[Start of Attachment]
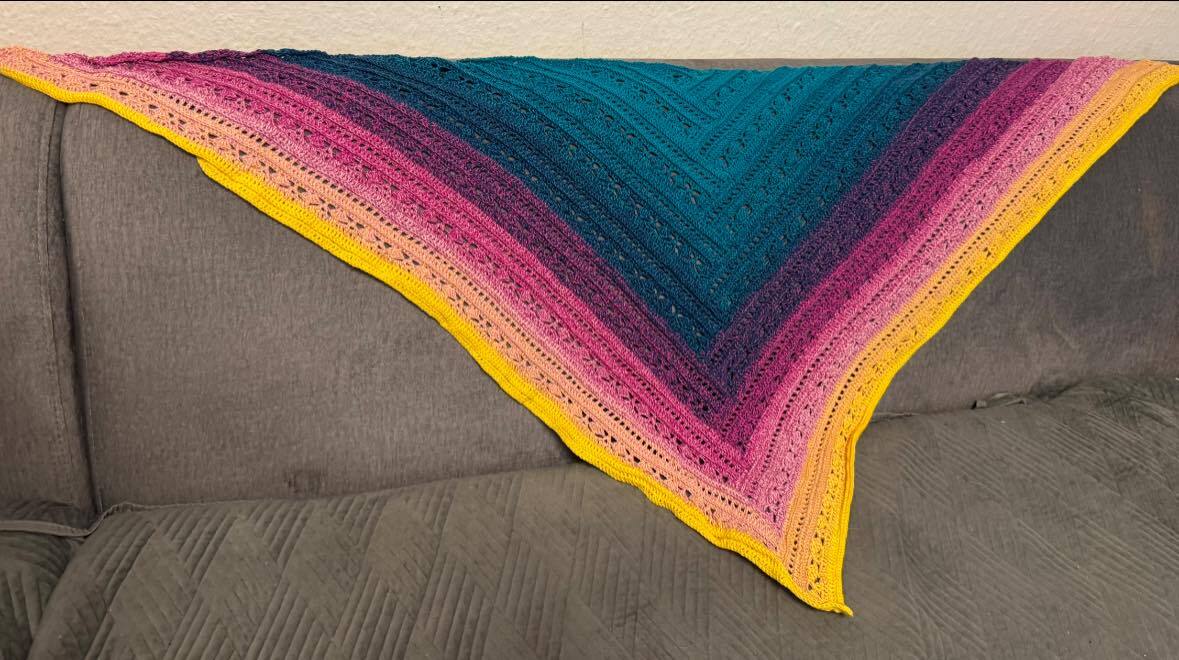 The scarf on the cover picture has the following dimensions: 170 x 75 cm
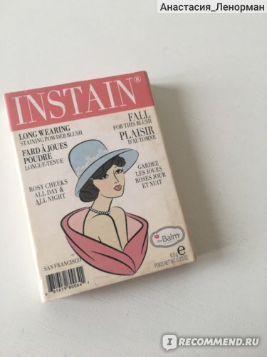 Этот бренд я люблю очень давно и верно. Марка уже давно зарекомендовала себя как отличный производитель качественной косметики, с очаровательным дизайном в стиле Pin-up. Соответственно такое качество и оформление не может стоит 200р, но отдавая 1500-3000р, ты точно понимаешь за что платишь. Я пользовалась многими продуктами от данного бренда и вот пришло время румян. Стойкие компактные румяна INSTAIN от THE BALM – продукт известного американского бренда. Нежная пудовая текстура средства наделена насыщенным пигментом, который легко адаптируется к естественному цвету кожи. Таким образом создается эффект природного румянца. Стоимость моно-румян - 1500-2000р. Вес - 6,5гр. Достаточно много для румян, с их мизерным расходом (но не буду забегать вперед) Продукты с сухими текстурами идут с защитой, дублируя дизайн самого "футляра". Этот факт не может не радовать, так как моя косметика кочует по всем сумкам в спартанских условиях не всегда в косметичке. Каюсь. Когда я только познакомилась с э
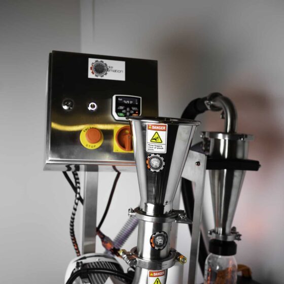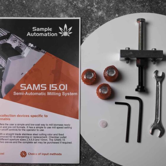 Introducing the SAMS.15 Semi-Automated Cutting Mill by Sample Automation. The newest product in our suite of cannabis equipment solutions, this Pharmaceutical-grade cutting mill enables manufacturers to standardize and scale their flower throughput to meet the ever-evolving production demands of the industry. The traditional weed-whacker style grinder limits operators output and quality by creating unwanted friction and heat and in turn, dramatically degrading the terpenes and trichomes of the flower. Sample Automation incorporates a negative pressure vacuum paired with a cyclone separator to create “no heat” technology. This was meticulously crafted to preserve and maintain the flowers highest terpene and trichome levels, which are essential to the quality and flavor profile of the end-product. The SAMS.15 Miller, allows manufacturers to customize your output material based on three variable elements: the grinding screen size, blade width and rotor blade speed.
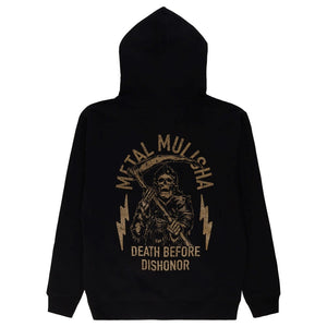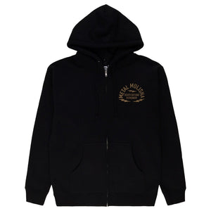 The Massacre Heavyweight Zip Hoodie in Black. This Hoodie features custom screen prints on the front and back in Gold. The heaviest weight fleece we offer, it's built like a tank yet soft and comfortable and has a generous relaxed fit that is true to size.
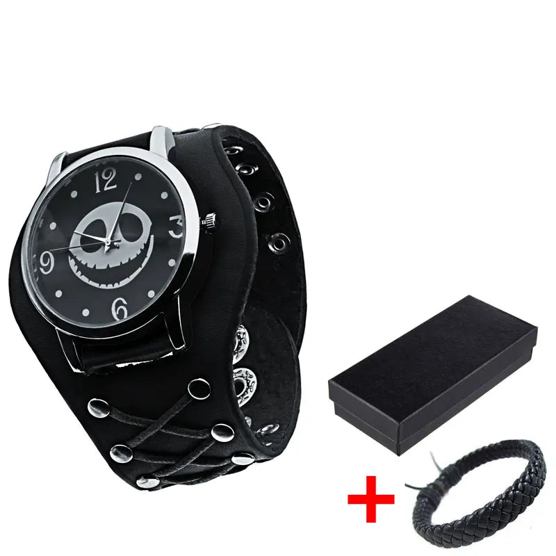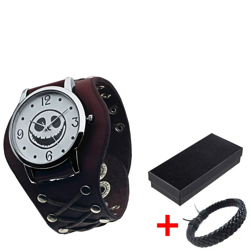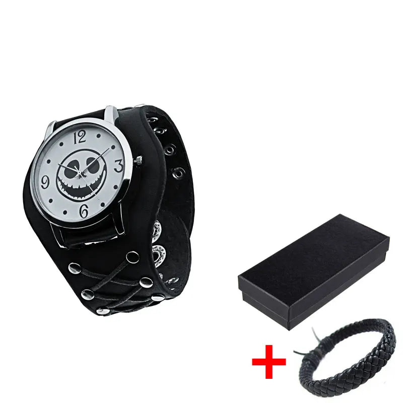 Gothic Herrenarmbanduhr mit Totenkopf und Lederband
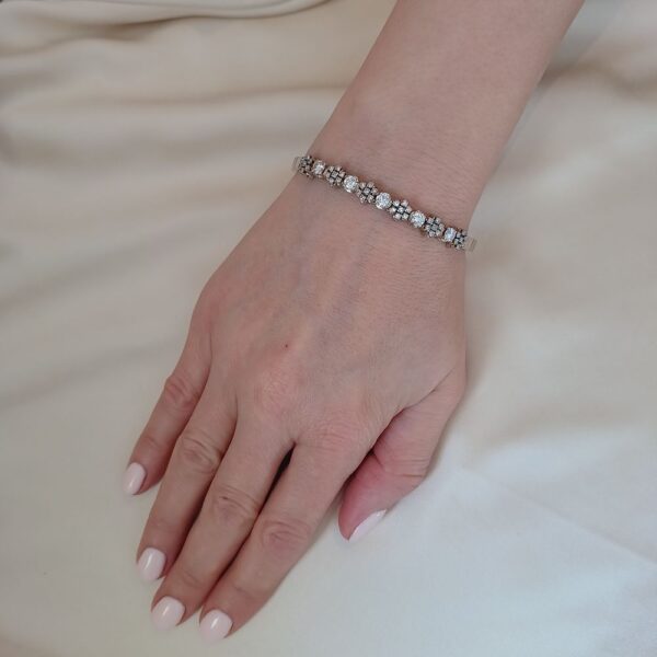 Ta bransoletka przyciąga uwagę rytmiczną kompozycją, w której pojedyncze diamenty przeplatają się z dekoracyjnymi, kwiatowymi układami. Subtelna gra światła i zróżnicowanie form nadają jej lekkości, mimo wyraźnej, solidnej konstrukcji.
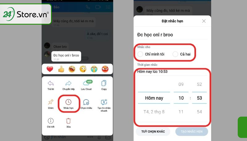 Khi đã vào được menu tùy chọn, hãy chọn tính năng “Nhắc hẹn” có biểu tượng giống chiếc đồng hồ. Tại đây, bạn có thể soạn nội dung tin nhắn mà mình muốn gửi. Sau khi viết xong, đừng quên chọn thời gian và ngày cụ thể để tin nhắn được gửi đi. Cuối cùng, chỉ cần nhấn “Xác nhận” và mọi thứ đã hoàn tất.
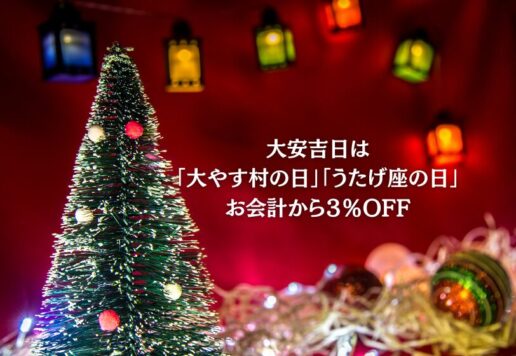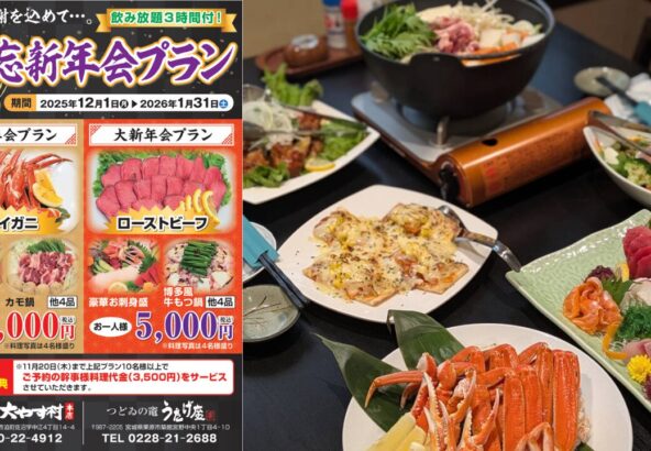 2025年の忘新年会のメニューです。 忘年会・新年会はどちらもメインとなる料理は、それぞれ固定で、残り4品は変更もございます! 飲み放題はたっぷり3時間もついておりますので、心置きなく食べて、飲んで、話せるお時間です。
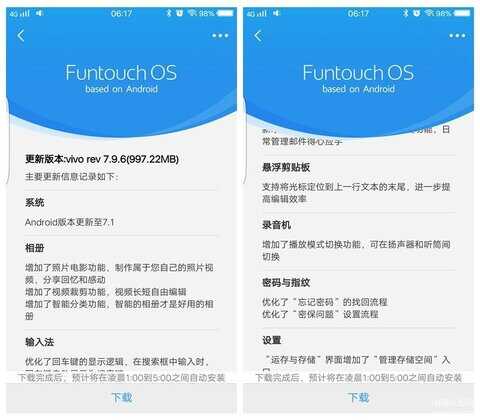 每款机型的升级计划不同,推送的日期安排也有先后,vivo Xplay6的升级推送是本月15日收到的,安装包大小997.22MB,更新版本是rev 7.9.6。
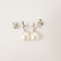 Paire de boucles d’oreilles en or gris 750 mil. chacune à décor végétal serti de 2 diamants brillantés et retenant en pampille une perle de culture en forme de poire (hauteur : 1,9) (diamètre perles : 7,5 mm environ). 2,4 g. brut
[End of Attachment]
In the listing above, find the line containing "Ta bransoletka przyciąga" and the line containing "Khi đã vào được", then print exactly those two lines and every line between them, minus the pictures.

§ **Task response**:
 Ta bransoletka przyciąga uwagę rytmiczną kompozycją, w której pojedyncze diamenty przeplatają się z dekoracyjnymi, kwiatowymi układami. Subtelna gra światła i zróżnicowanie form nadają jej lekkości, mimo wyraźnej, solidnej konstrukcji.
 Khi đã vào được menu tùy chọn, hãy chọn tính năng “Nhắc hẹn” có biểu tượng giống chiếc đồng hồ. Tại đây, bạn có thể soạn nội dung tin nhắn mà mình muốn gửi. Sau khi viết xong, đừng quên chọn thời gian và ngày cụ thể để tin nhắn được gửi đi. Cuối cùng, chỉ cần nhấn “Xác nhận” và mọi thứ đã hoàn tất.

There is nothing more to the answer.